- **TASK DETAILS**
The entries are to be repeated exactly, with all pictures omitted.

Items from a data source:
● ● ● ● ●

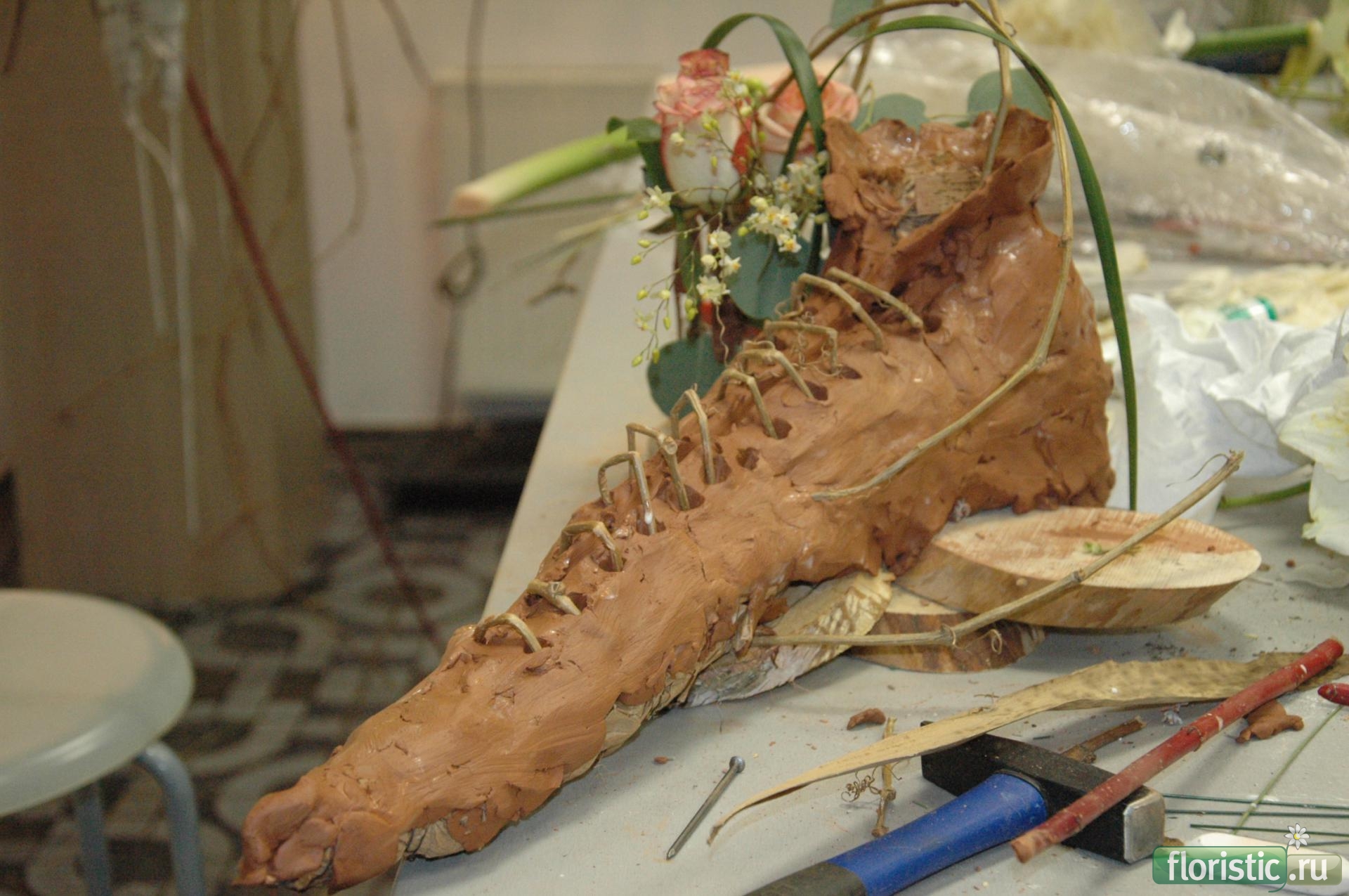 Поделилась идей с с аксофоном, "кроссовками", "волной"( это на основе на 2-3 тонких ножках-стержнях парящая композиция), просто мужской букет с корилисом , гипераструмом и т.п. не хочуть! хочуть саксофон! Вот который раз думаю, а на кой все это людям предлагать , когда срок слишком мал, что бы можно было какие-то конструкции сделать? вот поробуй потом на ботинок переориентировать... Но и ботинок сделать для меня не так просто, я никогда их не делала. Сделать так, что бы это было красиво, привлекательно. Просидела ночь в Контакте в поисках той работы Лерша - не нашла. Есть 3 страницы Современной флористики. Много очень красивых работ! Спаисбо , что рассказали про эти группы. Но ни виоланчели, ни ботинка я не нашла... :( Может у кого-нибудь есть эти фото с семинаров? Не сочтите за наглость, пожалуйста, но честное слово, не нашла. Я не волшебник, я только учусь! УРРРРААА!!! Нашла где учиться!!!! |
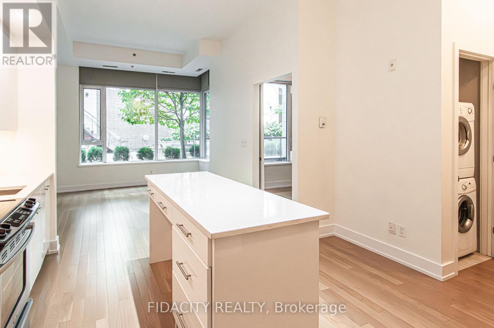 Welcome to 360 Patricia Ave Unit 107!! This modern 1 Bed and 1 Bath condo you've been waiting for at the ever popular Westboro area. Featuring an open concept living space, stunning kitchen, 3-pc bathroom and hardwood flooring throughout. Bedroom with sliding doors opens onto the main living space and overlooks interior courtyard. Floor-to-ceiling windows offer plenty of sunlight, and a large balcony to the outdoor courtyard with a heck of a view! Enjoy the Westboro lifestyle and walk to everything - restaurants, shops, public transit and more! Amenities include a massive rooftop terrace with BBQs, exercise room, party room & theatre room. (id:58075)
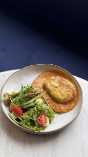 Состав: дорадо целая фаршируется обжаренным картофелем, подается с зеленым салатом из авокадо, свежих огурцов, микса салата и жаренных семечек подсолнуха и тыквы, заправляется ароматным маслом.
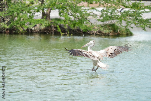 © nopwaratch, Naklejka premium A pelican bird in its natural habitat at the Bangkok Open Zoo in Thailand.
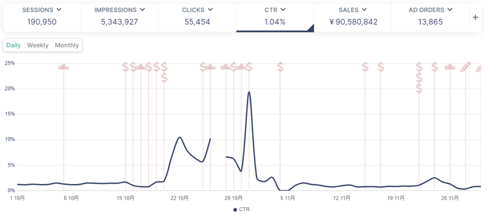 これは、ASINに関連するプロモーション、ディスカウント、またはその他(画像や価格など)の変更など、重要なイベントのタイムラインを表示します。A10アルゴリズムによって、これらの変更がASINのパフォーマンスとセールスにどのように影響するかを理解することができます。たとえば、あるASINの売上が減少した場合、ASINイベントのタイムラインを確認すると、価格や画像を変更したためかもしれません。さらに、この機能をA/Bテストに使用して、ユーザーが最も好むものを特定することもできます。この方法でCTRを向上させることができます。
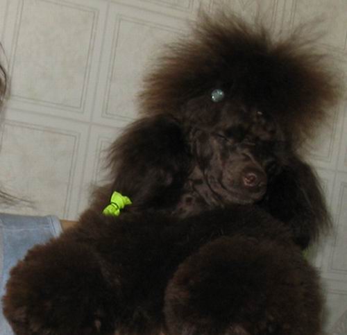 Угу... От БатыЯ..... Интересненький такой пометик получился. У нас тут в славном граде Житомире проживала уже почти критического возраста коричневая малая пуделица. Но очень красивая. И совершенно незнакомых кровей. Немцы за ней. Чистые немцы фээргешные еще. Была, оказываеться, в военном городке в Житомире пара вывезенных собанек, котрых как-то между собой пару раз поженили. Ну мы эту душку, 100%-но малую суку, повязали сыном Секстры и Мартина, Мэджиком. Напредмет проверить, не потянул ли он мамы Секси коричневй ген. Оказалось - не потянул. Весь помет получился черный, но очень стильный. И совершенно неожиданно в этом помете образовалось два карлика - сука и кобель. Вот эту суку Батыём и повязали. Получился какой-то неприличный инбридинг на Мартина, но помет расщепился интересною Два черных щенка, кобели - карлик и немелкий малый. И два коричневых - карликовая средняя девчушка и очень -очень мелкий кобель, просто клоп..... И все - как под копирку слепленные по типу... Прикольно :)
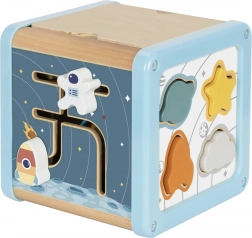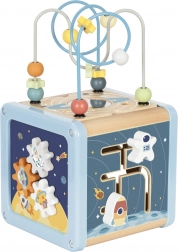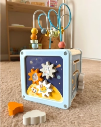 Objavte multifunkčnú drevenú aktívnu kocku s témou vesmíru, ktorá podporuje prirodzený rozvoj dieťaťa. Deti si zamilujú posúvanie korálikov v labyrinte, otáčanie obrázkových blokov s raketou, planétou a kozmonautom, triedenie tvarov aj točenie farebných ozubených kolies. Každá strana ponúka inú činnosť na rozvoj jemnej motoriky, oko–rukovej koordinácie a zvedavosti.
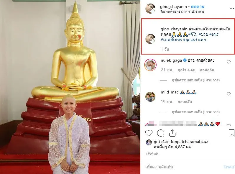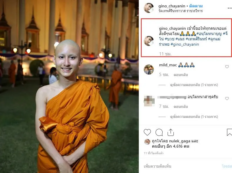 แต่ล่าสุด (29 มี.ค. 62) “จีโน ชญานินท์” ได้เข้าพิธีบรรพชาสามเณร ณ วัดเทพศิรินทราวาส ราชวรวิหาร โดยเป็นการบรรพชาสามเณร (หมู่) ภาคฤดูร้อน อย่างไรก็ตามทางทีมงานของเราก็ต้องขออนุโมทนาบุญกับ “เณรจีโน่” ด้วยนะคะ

● ● ● ● ●

- **OUTPUT FOR THIS TASK**
 Поделилась идей с с аксофоном, "кроссовками", "волной"( это на основе на 2-3 тонких ножках-стержнях парящая композиция), просто мужской букет с корилисом , гипераструмом и т.п. не хочуть! хочуть саксофон! Вот который раз думаю, а на кой все это людям предлагать , когда срок слишком мал, что бы можно было какие-то конструкции сделать? вот поробуй потом на ботинок переориентировать... Но и ботинок сделать для меня не так просто, я никогда их не делала. Сделать так, что бы это было красиво, привлекательно. Просидела ночь в Контакте в поисках той работы Лерша - не нашла. Есть 3 страницы Современной флористики. Много очень красивых работ! Спаисбо , что рассказали про эти группы. Но ни виоланчели, ни ботинка я не нашла... :( Может у кого-нибудь есть эти фото с семинаров? Не сочтите за наглость, пожалуйста, но честное слово, не нашла. Я не волшебник, я только учусь! УРРРРААА!!! Нашла где учиться!!!! |
 Welcome to 360 Patricia Ave Unit 107!! This modern 1 Bed and 1 Bath condo you've been waiting for at the ever popular Westboro area. Featuring an open concept living space, stunning kitchen, 3-pc bathroom and hardwood flooring throughout. Bedroom with sliding doors opens onto the main living space and overlooks interior courtyard. Floor-to-ceiling windows offer plenty of sunlight, and a large balcony to the outdoor courtyard with a heck of a view! Enjoy the Westboro lifestyle and walk to everything - restaurants, shops, public transit and more! Amenities include a massive rooftop terrace with BBQs, exercise room, party room & theatre room. (id:58075)
 Состав: дорадо целая фаршируется обжаренным картофелем, подается с зеленым салатом из авокадо, свежих огурцов, микса салата и жаренных семечек подсолнуха и тыквы, заправляется ароматным маслом.
 © nopwaratch, Naklejka premium A pelican bird in its natural habitat at the Bangkok Open Zoo in Thailand.
 これは、ASINに関連するプロモーション、ディスカウント、またはその他(画像や価格など)の変更など、重要なイベントのタイムラインを表示します。A10アルゴリズムによって、これらの変更がASINのパフォーマンスとセールスにどのように影響するかを理解することができます。たとえば、あるASINの売上が減少した場合、ASINイベントのタイムラインを確認すると、価格や画像を変更したためかもしれません。さらに、この機能をA/Bテストに使用して、ユーザーが最も好むものを特定することもできます。この方法でCTRを向上させることができます。
 Угу... От БатыЯ..... Интересненький такой пометик получился. У нас тут в славном граде Житомире проживала уже почти критического возраста коричневая малая пуделица. Но очень красивая. И совершенно незнакомых кровей. Немцы за ней. Чистые немцы фээргешные еще. Была, оказываеться, в военном городке в Житомире пара вывезенных собанек, котрых как-то между собой пару раз поженили. Ну мы эту душку, 100%-но малую суку, повязали сыном Секстры и Мартина, Мэджиком. Напредмет проверить, не потянул ли он мамы Секси коричневй ген. Оказалось - не потянул. Весь помет получился черный, но очень стильный. И совершенно неожиданно в этом помете образовалось два карлика - сука и кобель. Вот эту суку Батыём и повязали. Получился какой-то неприличный инбридинг на Мартина, но помет расщепился интересною Два черных щенка, кобели - карлик и немелкий малый. И два коричневых - карликовая средняя девчушка и очень -очень мелкий кобель, просто клоп..... И все - как под копирку слепленные по типу... Прикольно :)
 Objavte multifunkčnú drevenú aktívnu kocku s témou vesmíru, ktorá podporuje prirodzený rozvoj dieťaťa. Deti si zamilujú posúvanie korálikov v labyrinte, otáčanie obrázkových blokov s raketou, planétou a kozmonautom, triedenie tvarov aj točenie farebných ozubených kolies. Každá strana ponúka inú činnosť na rozvoj jemnej motoriky, oko–rukovej koordinácie a zvedavosti.
 แต่ล่าสุด (29 มี.ค. 62) “จีโน ชญานินท์” ได้เข้าพิธีบรรพชาสามเณร ณ วัดเทพศิรินทราวาส ราชวรวิหาร โดยเป็นการบรรพชาสามเณร (หมู่) ภาคฤดูร้อน อย่างไรก็ตามทางทีมงานของเราก็ต้องขออนุโมทนาบุญกับ “เณรจีโน่” ด้วยนะคะ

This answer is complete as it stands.